Normal service will be consumed, perchance
A not very funny thing happened on the way to the Proms in the Albert Hall last night: stuck in a tail back in the park caused by road works in the area, I read a yellow sign by the Serpentine Gallery proclaiming that “delayes are suspected.”
Dogberry is alive and well and working for the road sign department of the Royal Borough of Kensington and Chelsea! O villain, who e’er thou art, thou wilt be condemned into everlasting redemption for this…dost thou not suspect my place, or my years, but only talk of delayes and humps and deductions?
I suspect the suspect achieved A grades in all A-levels and was appointed immediately chief suspector of the transport division and what is more is a wise fellow and which is more is an officer and a householder. Write him down an ass!
Our fellow guests in Proms director Roger Wright’s box had enjoyed no such diversion. Journalists Kim Fletcher and Sarah Sands had merely popped round the corner from their home in Notting Hill. They had driven. Where had they left the car? Oh, quite near the house!
It was a great concert: middle period Mozart symphony, revelatory Vaughan Williams piece for choir, viola and orchestra, my friend Nigel Osborne’s brilliant flute concerto (Nigel took a bow looking like a shaggy bison) and Beethoven’s Mass in C.
This was more than balm and compensation for the previous night’s outing to see Christopher Nolan’s over-long and incomprehensible Batman movie, The Dark Knight. If Heath Ledger wins a posthumous Oscar for his grotesquely self-indulgent performance as the Joker I will not be a jot surprised; it’s the sort of acting that always does, and the sentimental vote will kick in big time.
Should the movie have a 12A certificate, allowing young children to be accompanied by an adult?

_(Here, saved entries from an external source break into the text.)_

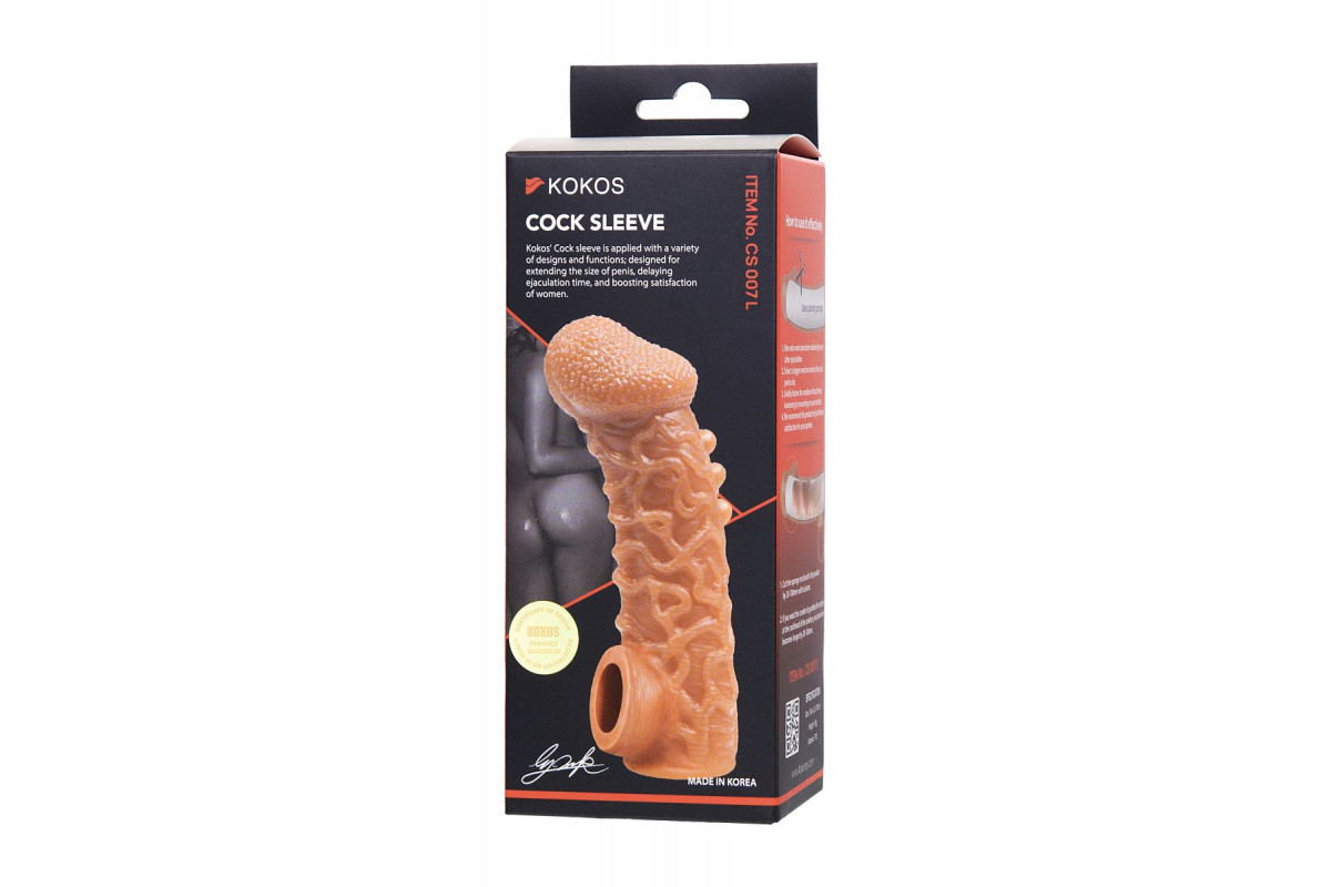 Увеличивающая насадка с фантазийным рельефом в виде вен и пупырышек от KOKOS открывает новые возможности для взаимного удовольствия и воплощает фантазии о внушительном размере пениса.
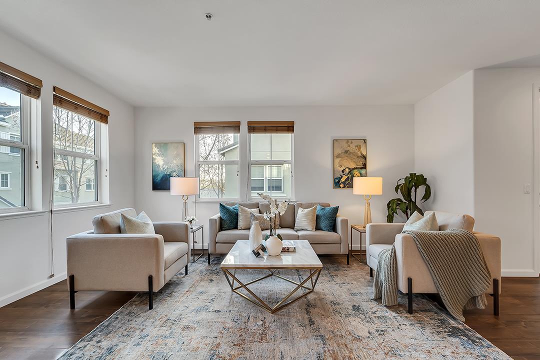 Modern and sleek townhouse located in a quiet and desirable neighborhood. It is a beautiful 3 bedrooms and 2.5 bathrooms home. It is located in the highly sought-out Berryessa Area. The first floor offers an open concept which includes a half bathroom and a laundry room right next to kitchen. On the other side, enjoy the openness of the kitchen with a pantry, a breakfast bar, fresh Corian countertops and tiled flooring in the kitchen. The living and dining area have engineered hardwood floors, while all other areas are carpeted. On warm days, enjoy reading, having a nice meal or cup of tea sitting on the open patio. On the second floor, enjoy the primary master bedroom with a walk in closet along with second and third bedrooms and with a shared full bathroom. Home office and wall bed added to 3rd bedroom. Private parking in an attached 2-car tandem garage with room for storage. This home is located near Berryessa Bart Station, and is walking distance to Light Rail Station, Penitencia Creek and Commodore park and a highly recommended Summer Dale Elementary. It is also conveniently located near restaurants, major grocery and retails stores. Easy commute to high tech firms like Amazon, Google, Apple's and SJSU campus. Don't miss out on this beautiful, well maintained home.
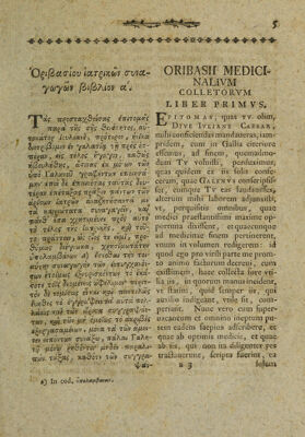 Ordinis medici ... / decanus D.C.G. Gruner ... dissertationem inauguralem ... H.E. Justi ... habendam indicit. Praemittitur Oribasii Medicinalium collectorum liber I e codice Mosquensi nunc primum Graece et Latine. [Cum vita candidati].
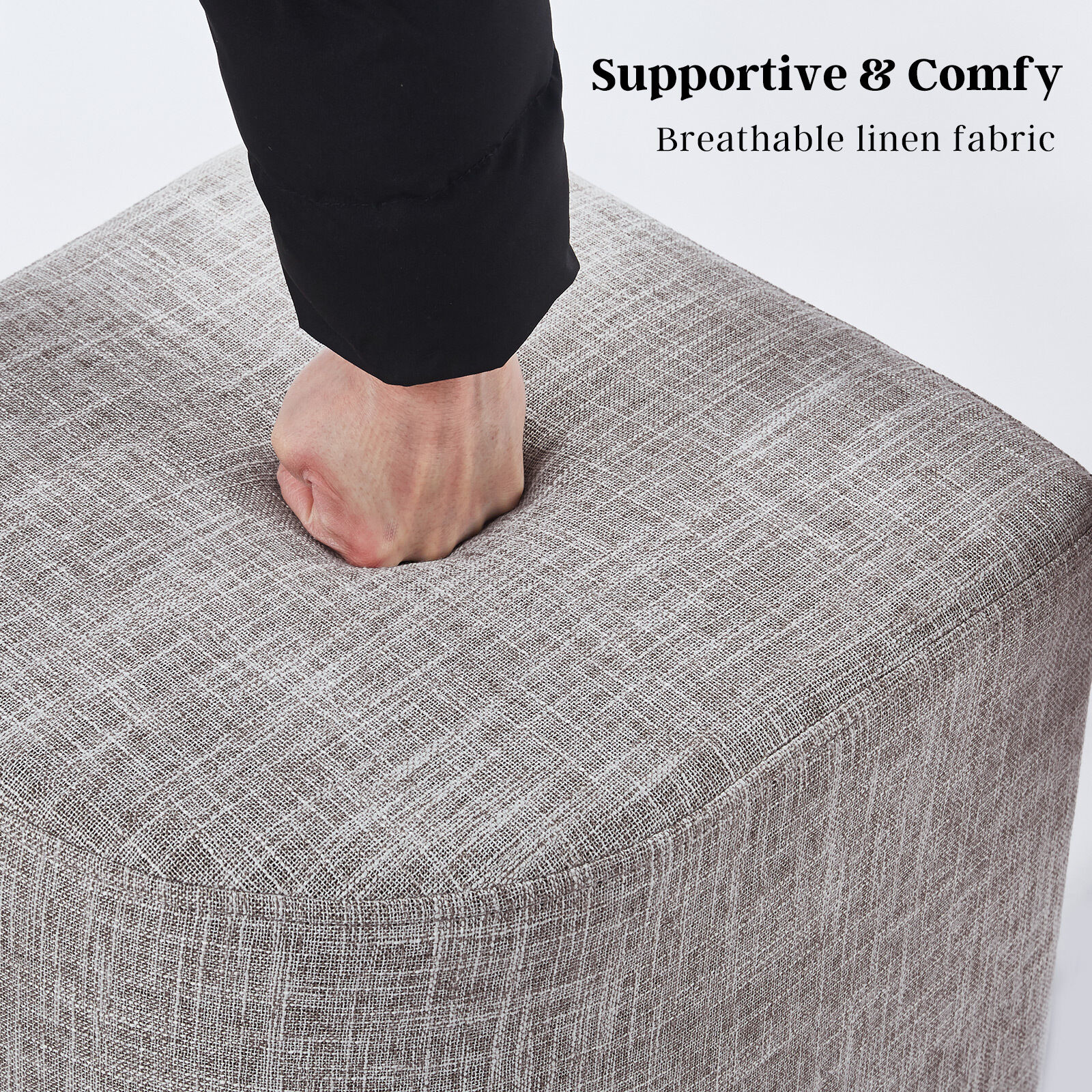 Crafted with breathable linen fabric, this ottoman ensures comfort and durability, allowing you to relax in style. Its modular design allows you to put two ottomans together for extended seating or table space.
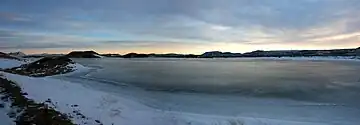 In 1877 he married Guðný Jakobína Pétursdóttir (1850–1939), the daughter of Pétur Jónsson,[4] a Reykjahlíð farmer. They had a son who died in infancy, followed by two daughters, Guðrún (1880–1943) and Védís (1885–1963).[4][5] By 1889 Jón and his family had acquired a cottage at Litluströnd, where they lived to the end of their days.
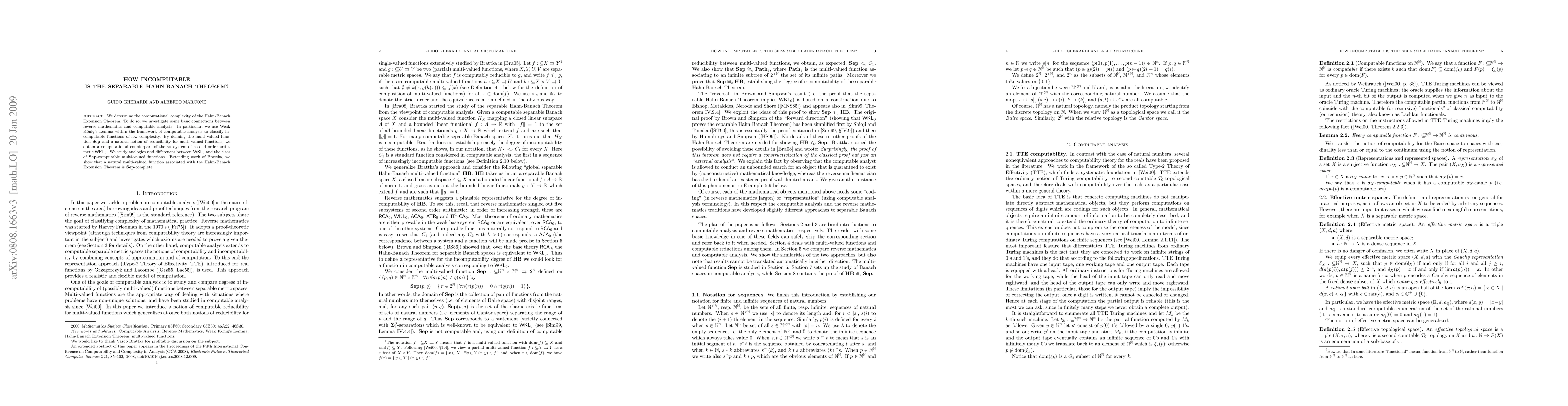 We determine the computational complexity of the Hahn-Banach Extension Theorem. To do so, we investigate some basic connections between reverse mathematics and computable analysis. In particular, we use Weak Konig's Lemma within the framework of computable analysis to classify incomputable functions of low complexity. By defining the multi-valued function Sep and a natural notion of reducibility for multi-valued functions, we obtain a computational counterpart of the subsystem of second order arithmetic WKL_0. We study analogies and differences between WKL_0 and the class of Sep-computable multi-valued functions. Extending work of Brattka, we show that a natural multi-valued function associated with the Hahn-Banach Extension Theorem is Sep-complete.

I find this an impossible question to answer as the whole film is drenched in an atmosphere of apocalyptic violence, car-smashing and gloating thuggery I increasingly find unpleasant and depressing in the cinema — unless the director is Martin Scorsese.
The psychopathology of violence on stage and screen is a subject of endless debate and unfathomable mystery. Some people simply won’t go and see King Lear because of the eye-gouging. And is the baiting of Malvolio, say, in Twelfth Night, any more unpleasant than the ear-slicing scene in Reservoir Dogs (a scene at which my wife promptly removed our young son from the cinema, not because she thought it was bad for him, but because it was impossible for her)?
As any fool, or road sign writer, know, it is necessitous to suspect your good neighbour’s onion in these materials, and I wish it to be known that I am tolerable of all views on this topiary. So write me down an ass, too, prithee.
Nastiness is everywhere, even in the most suprising of places, such as Gigi in the Open Air, Regent’s Park. In the full context of Timothy Sheader’s beautiful and affectionate revival of the Lerner and Loewe My Fair Lady Mark Two, “Thank Heaven For Little Girls” is no longer a slightly dodgy number for a dirty old man with paedophiliac tendencies, but a hymn to the tendency of little females to grow into suitable fodder for the courtesan market. But the show is written in such a way that the story is both a celebration of hedonism and exploitation and a stern critique of the bell epoque. Very clever.
I was sorry to learn that Sheader missed his own first night, undergoing tests in hospital after feeling the strain of his first season in charge in Regent’s Park. I suspect he will be back without delaye when our whole dissembly appears. Masters, be vigitant: I certainly hope not.

August 19th, 2008 at 7:30 pm
What a very witty encouraging report oon Gigi and the new man in Regents Park.I can see so clearly what I am missing (away in Poland till the end of October), but perhaps it will transfer? So I’ll be vigitant for that . Hope you write something from Edinburgh too? Noone captures the eseence of the show and the spirit of the occassion better than! Have a good Summer!